Readers of a certain vintage will remember a TV doco of the time called ‘Johnny Come Home’, which warned in some detail of the predatory individuals who preyed on young, wide-eyed, naïve Scots who fetched up in London, with one Roger Gleaves, the self-styled ‘Bogus Bishop of Medway’ being name-checked as the most obnoxious. 

Norrie and I had watched the show and vowed to keep ourselves ‘nice’ and therefore felt thoroughly secure in accepting an offer from a middle-aged fella from Fife to crash on the floor of his hotel room.

Mistake. 

For Bogus Bishop of Medway read Pished Pastor of Pittenweem, which just goes to show that when it comes to conduct of an opportunistic, unsavoury and perverted nature, we Scots are as able as anyone.

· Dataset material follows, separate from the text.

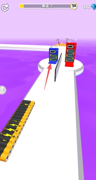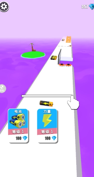 1、启动游戏,通过滑动屏幕控制角色前进,在赛道上尽可能多地收集电池。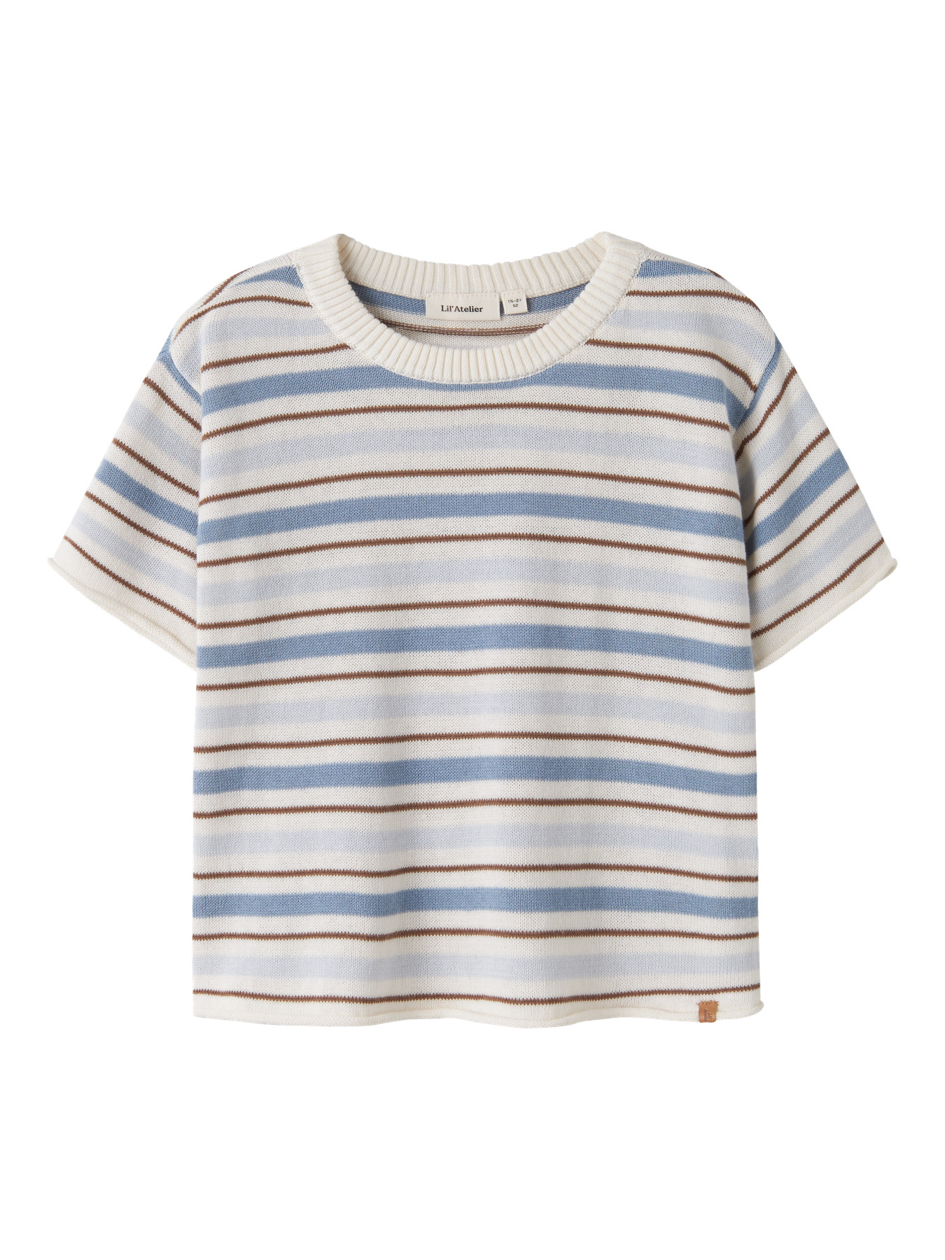 Beskrivelse En lett og luftig strikkegenser med en avslappet passform som gir god bevegelighet og komfort gjennom hele dagen. Den myke strikkekvaliteten gjør den behagelig å ha på, samtidig som den passer perfekt til både lek og rolige dager. Fargekombinasjonen i Coconut Milk og Dusty Blue gir et harmonisk og tidløst uttrykk som er enkelt å style med både bukser, shorts og selebukser. Modellen heter NMMHITO SS Loose Knit fra Lil' Atelier – en sval og stilren favoritt til sesongen. ???? |

Norrie and I make our excuses.  And stayed. 

The Pished Pastor accepted our rebuffs with alacrity and promptly fell into a deep, snoring sleep but I have to admit it was a long, scary, sleepless night for Norrie and me.  Serves us right, you might say.

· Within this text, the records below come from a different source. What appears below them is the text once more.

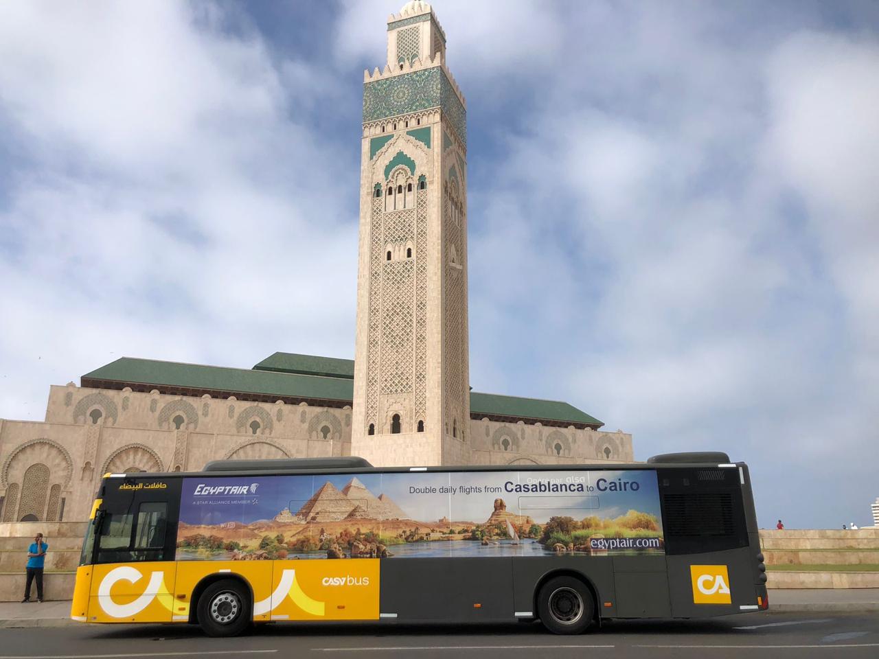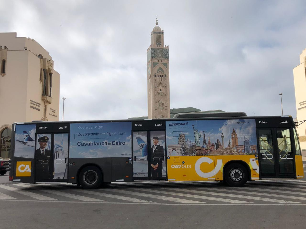 أطلقت مصر للطيران_الناقل الوطني حملة تسويقية على الحافلات بالدار البيضاء للإعلان عن زيادة عدد الرحلات بين القاهرة وكازابلانكا خلال فصل الصيف لتصبح رحلتين يوميا، وذلك في إطار الاهتمام بدعم وتنشيط حركة السياحة من وإلى جمهورية مصر العربية ولخدمة أكبر عدد من المسافرين بأعلى مستويات الراحة للاستمتاع بتجربة سفر مميزة على متن رحلات الشركة.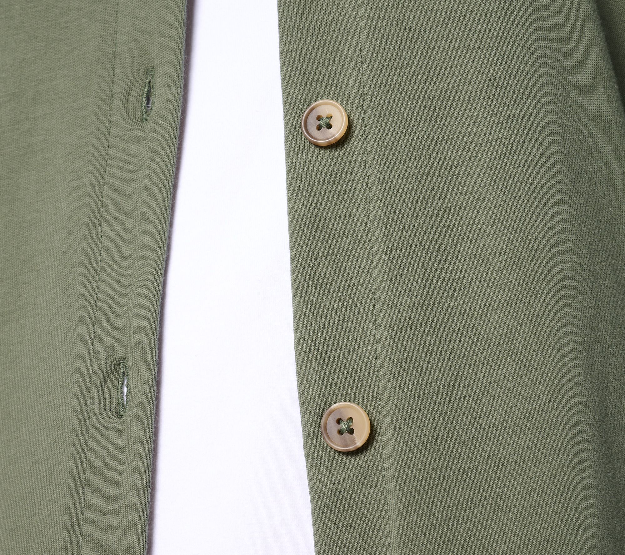 • Features: relaxed set-in long sleeves, V-neckline, functional tortoise button front placket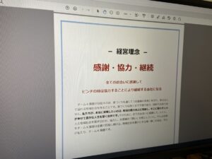 経営理念も「感謝・協力・継続」ですがその内容を見える化できる文章でまとめる事が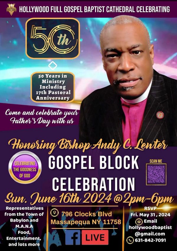 On Sunday, June 16, 2024 from 2PM - 6 PM, there will be a Gospel Block Party Celebration at the Bishop's house 796 Clocks Blvd, Massapequa, NY 11758.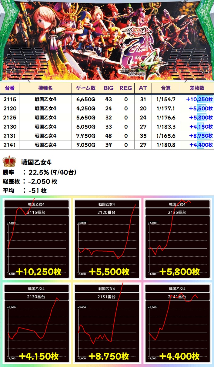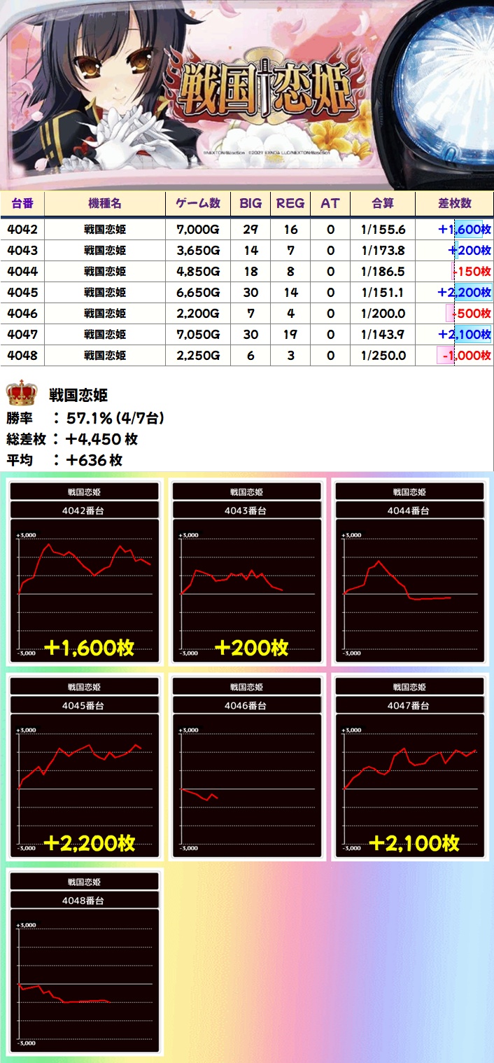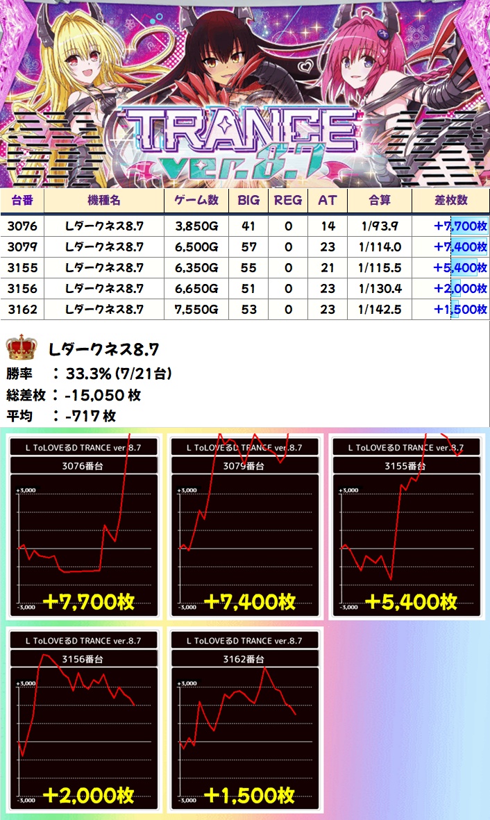 こちらも特日問わず優秀台がある人気機種。ここにも大量獲得台が多数あり、特にToLOVEるシリーズが出玉を伸ばしました。普段から強いエリアに黒閃も重なれば高ベースなのは間違いないでしょう!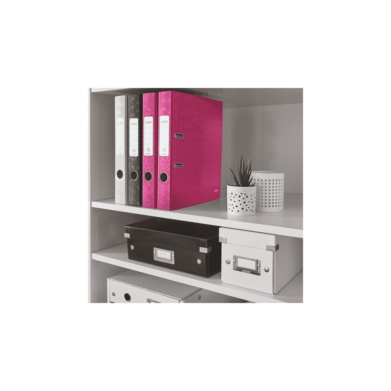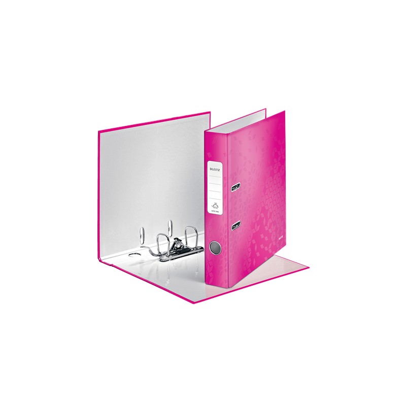 Biblioraft Leitz 180° WOW, carton laminat, partial reciclat, FSC, A4, 52 mm, roz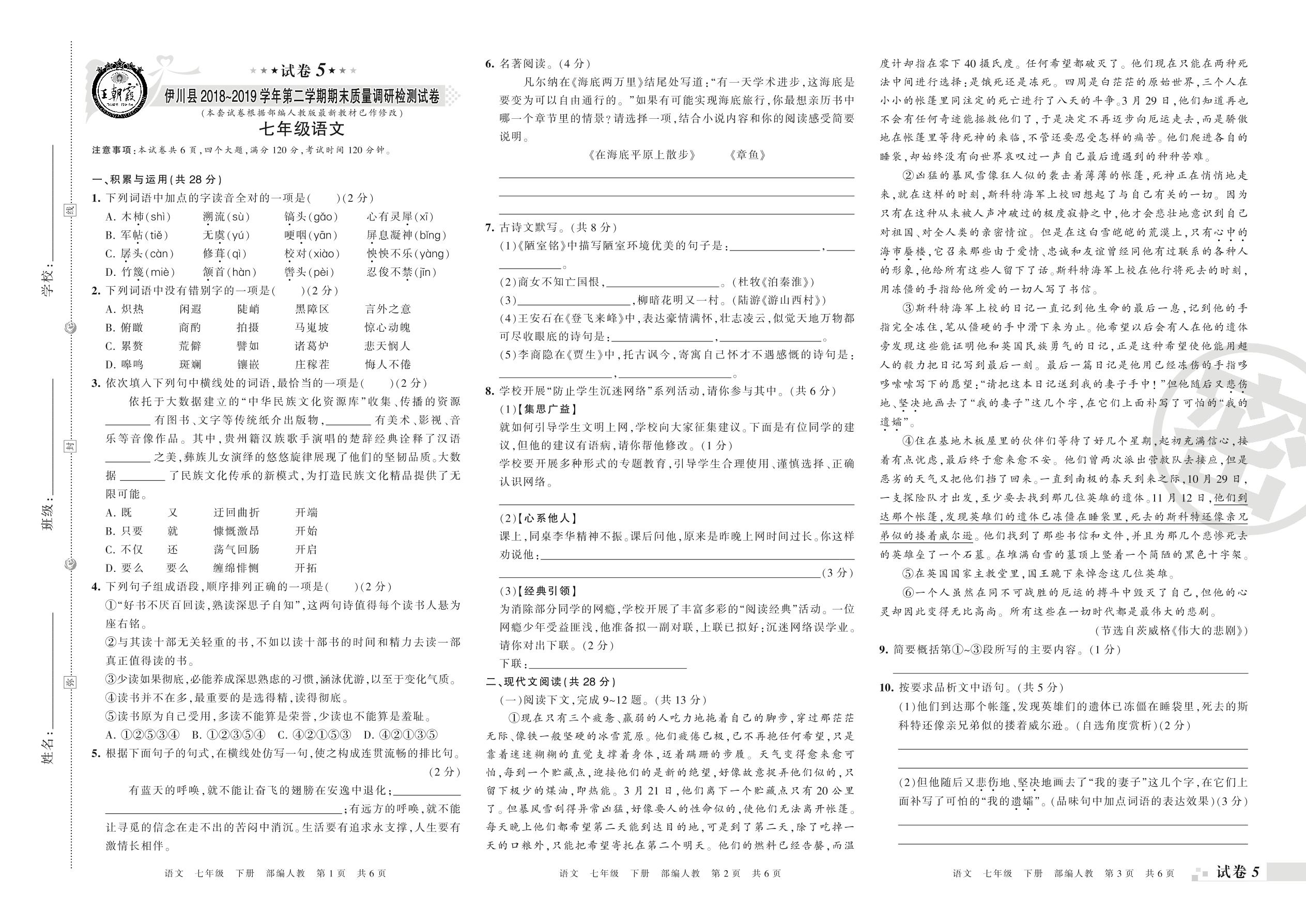 2018-2019学年第二学期洛阳市伊川县七年级语文试卷(人教版)【5】

Match day Saturday and though we had no tickets and no cally-dosh, somehow we made it into the stadium, courtesy of some new found Caledonian pals, which just goes to show that when it comes to an incredible generosity of spirit and camaraderie, we Scots are as able as anyone.

And the Game.  Ah, the Game.  Who can ever forget the Game?

Well me actually and although I know we won 2-1, the rest is a blur; the only thing I truly remember is the berserk tartan bears invading the pitch on the final whistle, demolishing the goalposts and ripping up the pitch, a curious and somewhat inexplicable reaction to a famous victory.

Free spirited, joyous jubilation.  (Outrageous, despicable vandalism really, though we didn’t think so at the time and neither, as I recollect, did the Scottish media.)

In the hitchhiking equivalent of that famous fitba’ axiom – ‘leaving early to beat the crowds’, Norrie and I immediately got our thumbs out and set off, travelling through the night to emerge, bleary-eyed and knackered into the early light of a Glasgow dawn.

By breakfast time we were home, tucking into black pudding and potato scones, silently acknowledging that whilst London was all very well an’ that, there was no place like home - till the next time of course.

Thus began a number of hitchhiking journeys which led to friends wondering if my ambition in life was to become The Sunday Post ‘Hon Man’, a long running feature about travelling for free.

Unfortunately – or perhaps not - I didn’t make it as The Hon Man, although as an occasional scribe for that Sunday staple of yesteryear, I was, for a week - whilst the real one enjoyed the fleshpots of Las Vegas - couthy do-gooding columnist Francis Gay.

But that, of course, is another story.